Univ Lyon, INSA Lyon, CNRS, LaMCoS, UMR5259, 69621 Villeurbanne, France.
Université de Lyon, INSA Lyon, Université Claude Bernard Lyon 1, Ecole Centrale de Lyon, CNRS, Ampère UMR5005, Villeurbanne, France.
J Acoust Soc Am. 2022 May;151(5):3481. doi: 10.1121/10.0011392.
Magnetic resonance elastography (MRE) is an elasticity imaging technique for quantitatively assessing the stiffness of human tissues. In MRE, finite element method (FEM) is widely used for modeling wave propagation and stiffness reconstruction. However, in front of inclusions with complex interfaces, FEM can become burdensome in terms of the model partition and computationally expensive. In this work, we implement a formulation of FEM, known as the eXtended finite element method (XFEM), which is a method used for modeling discontinuity like crack and heterogeneity. Using a level-set method, it makes the interface independent of the mesh, thus relieving the meshing efforts. We investigate this method in two studies: wave propagation across an oblique linear interface and stiffness reconstruction of a random-shape inclusion. In the first study, numerical results by XFEM and FEM models revealing the wave conversion rules at linear interface are presented and successfully compared to the theoretical predictions. The second study, investigated in a pseudo-practical application, demonstrates further the applicability of XFEM in MRE and the convenience, accuracy, and speed of XFEM with respect to FEM. XFEM can be regarded as a promising alternative to FEM for inclusion modeling in MRE.
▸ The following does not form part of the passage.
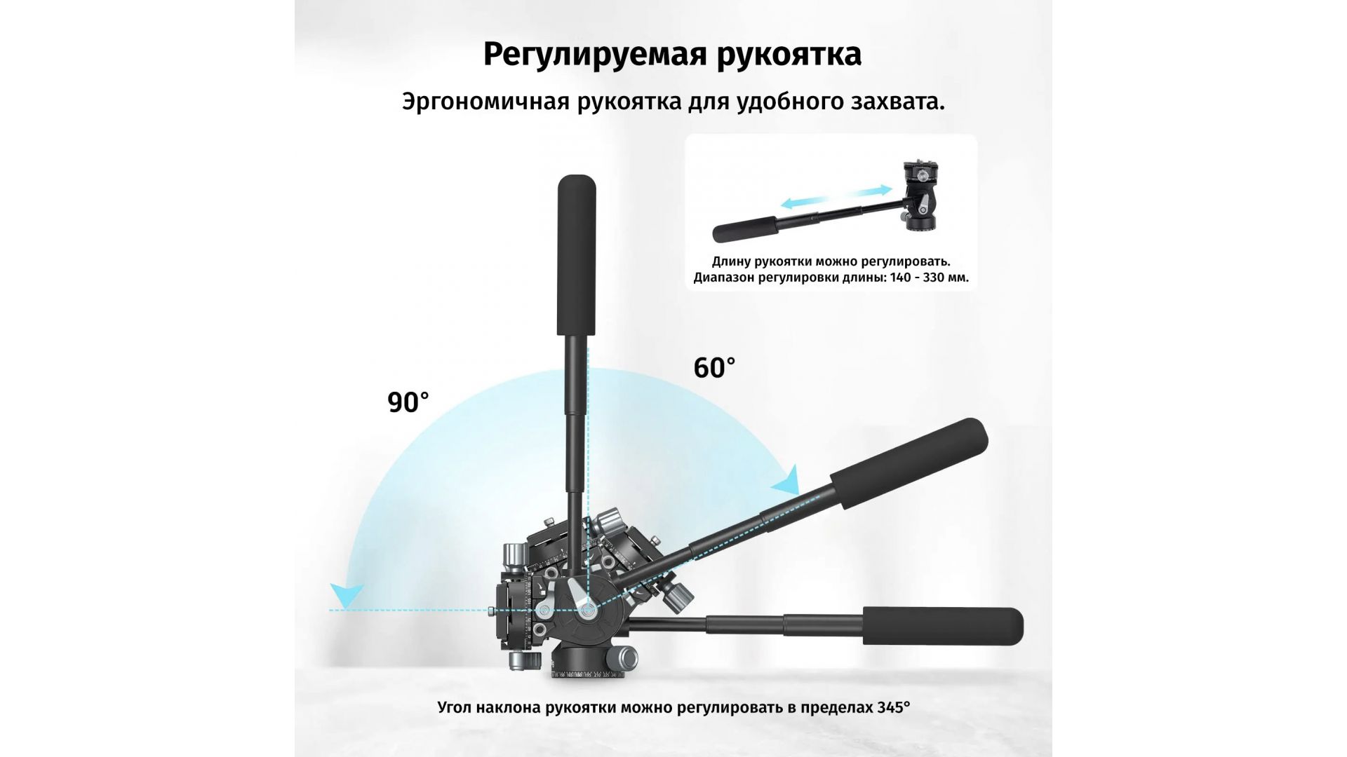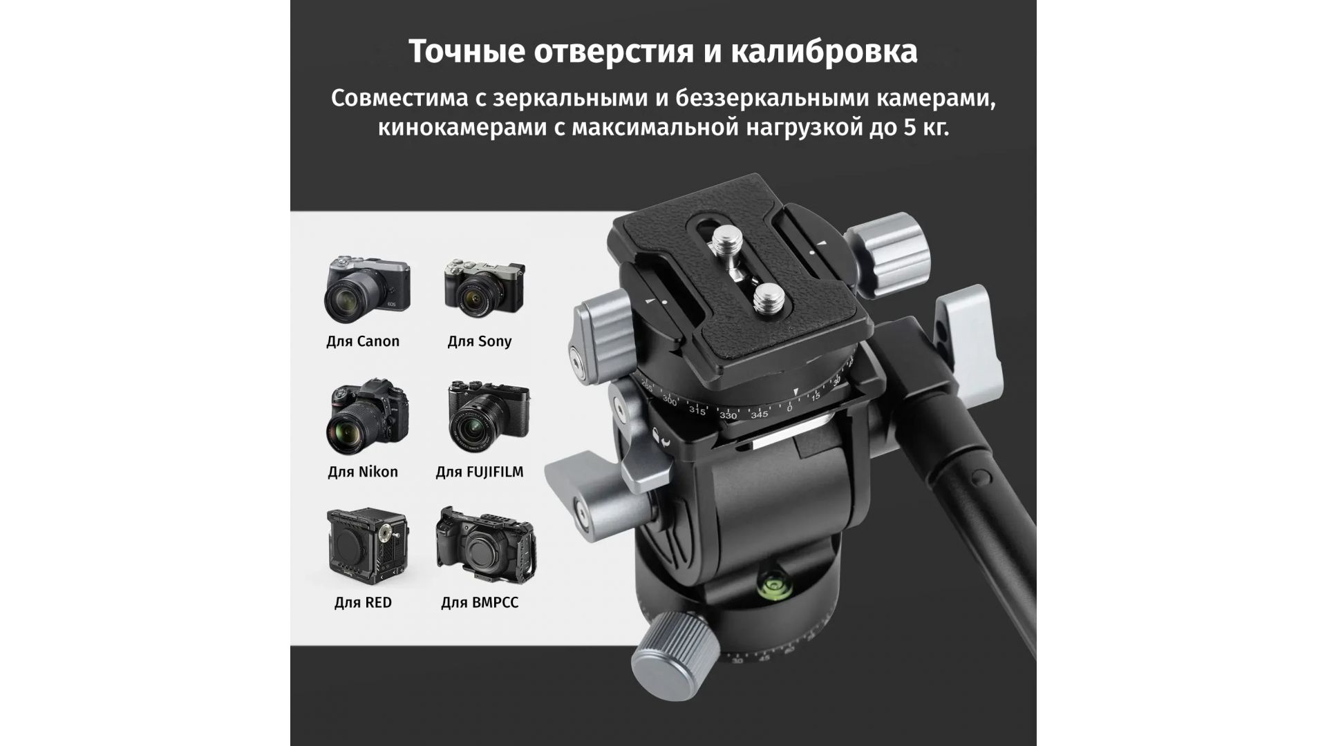 · Регулируемый центр тяжести: легко адаптируется под различные объективы с регулируемым центром тяжести.

磁共振弹性成像(MRE)是一种用于定量评估人体组织硬度的弹性成像技术。在 MRE 中,有限元方法(FEM)广泛用于建模波传播和刚度重建。然而,在面对具有复杂界面的夹杂时,FEM 在模型分区和计算成本方面变得很繁琐。在这项工作中,我们实现了一种称为扩展有限元法(XFEM)的 FEM 公式,该方法用于模拟裂纹和非均匀性等不连续性。使用水平集方法,它使界面与网格无关,从而减轻了网格划分的工作。我们在两项研究中研究了这种方法:波在倾斜线性界面上的传播和随机形状夹杂的刚度重建。在第一项研究中,通过 XFEM 和 FEM 模型的数值结果揭示了线性界面处的波转换规则,并成功与理论预测进行了比较。第二项研究在伪实际应用中进行了进一步研究,进一步证明了 XFEM 在 MRE 中应用的适用性,以及 XFEM 在 FEM 中具有方便、准确和快速的优点。XFEM 可以被视为 MRE 中夹杂建模的一种有前途的替代 FEM 方法。